Keeping pictures out, repeat the lines of the listing below exactly, starting at its first line and finishing with the one that holds "Canadian Geographic Landscapes".

*Stored data*:
- Opening Delimiter -
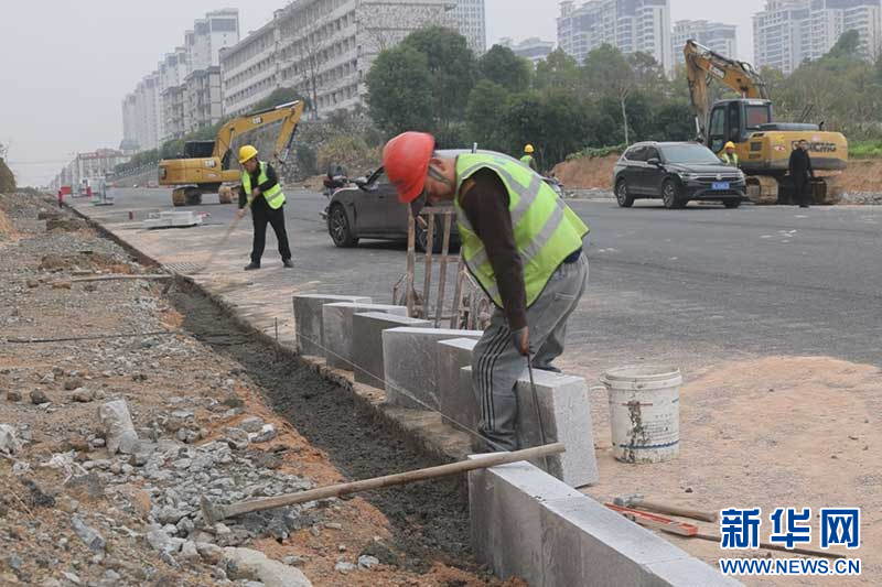日前,在通城经济开发区路网工程三赢兴路建设现场,工人们正紧张有序地进行道路两侧路边石安装施工,确保道路边缘线形流畅、拼缝紧密。同时,道路标线施划、绿化带补植、智能交通设备调试等收尾工作也在同步推进。
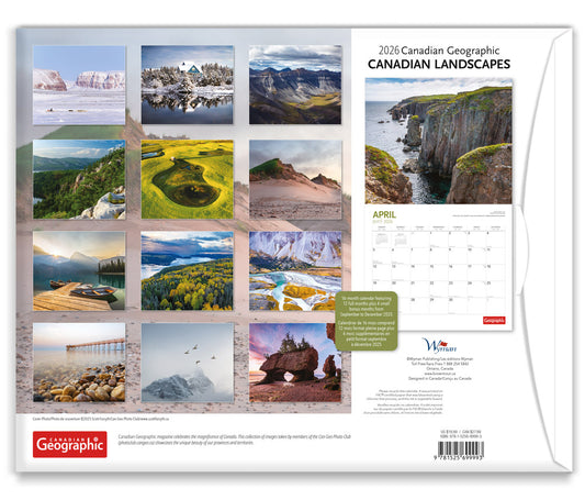 Canadian Geographic Landscapes OFFICIAL | 2026 14 x 24 Inch (Hanging) Monthly Deluxe Wall Calendar | Envelope
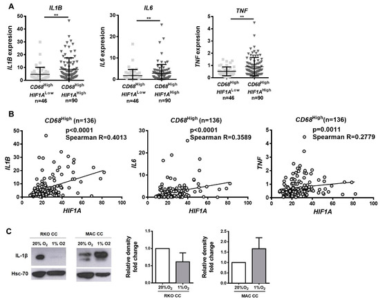 CD68HighHIF1AHigh tumors present increased expression of pro-inflammatory cytokines and increased infiltration of cytotoxic T-cells. RNASeq expression data were downloaded from TCGA. (A) The expression of IL1B, IL6, and TNF was evaluated within the CD68High population, between HIF1ALow and HIF1AHigh, according to the median levels of CD68 and HIF1A expression in normal samples. (B) The correlation between IL1B, IL6, TNF, and HIF1A was assessed within the CD68High population. (C) IL-1β protein levels were evaluated in total lysates from co-cultured RKO cells (RKO CC) and macrophages (MAC CC), by Western blot, and band densitometry quantification presented. Hsc70 was used as loading control, and the figure is representative of 3 independent experiments. (D) The expressions of NCAM1, CD8A, and TBX21 were evaluated within the CD68High population, between HIF1ALow and HIF1AHigh subpopulations, according to the median levels of CD68 and HIF1A expression in normal samples. NCAM1 levels were evaluated within the CD3DLow population, CD8A levels were evaluated within the GZMBHigh population, and TBX21 levels were evaluated within the IFNGHigh population. CD3DLow, GZMBHigh, and IFNGHigh populations were established according to the median levels of each marker expression in normal samples. (E) Correlations between NCAM1(CD3DLow), CD8A(GZMBHigh), and HIF1A were assessed within the CD68High population. Mann–Whitney statistical test was used to compare expression between groups. Spearman statistical test was used to assess correlation, which was considered moderate positive when Spearman Rs were between 0.2500 and 0.3500, and strong positive when Spearman R > 0.3500. **** p < 0.0001; *** p < 0.001; ** p < 0.01; * p < 0.05. The p-values between 0.05 and 0.1 were presented and considered a tendency.
- Closing Delimiter -
*Answer area*:
日前,在通城经济开发区路网工程三赢兴路建设现场,工人们正紧张有序地进行道路两侧路边石安装施工,确保道路边缘线形流畅、拼缝紧密。同时,道路标线施划、绿化带补植、智能交通设备调试等收尾工作也在同步推进。
 Canadian Geographic Landscapes OFFICIAL | 2026 14 x 24 Inch (Hanging) Monthly Deluxe Wall Calendar | Envelope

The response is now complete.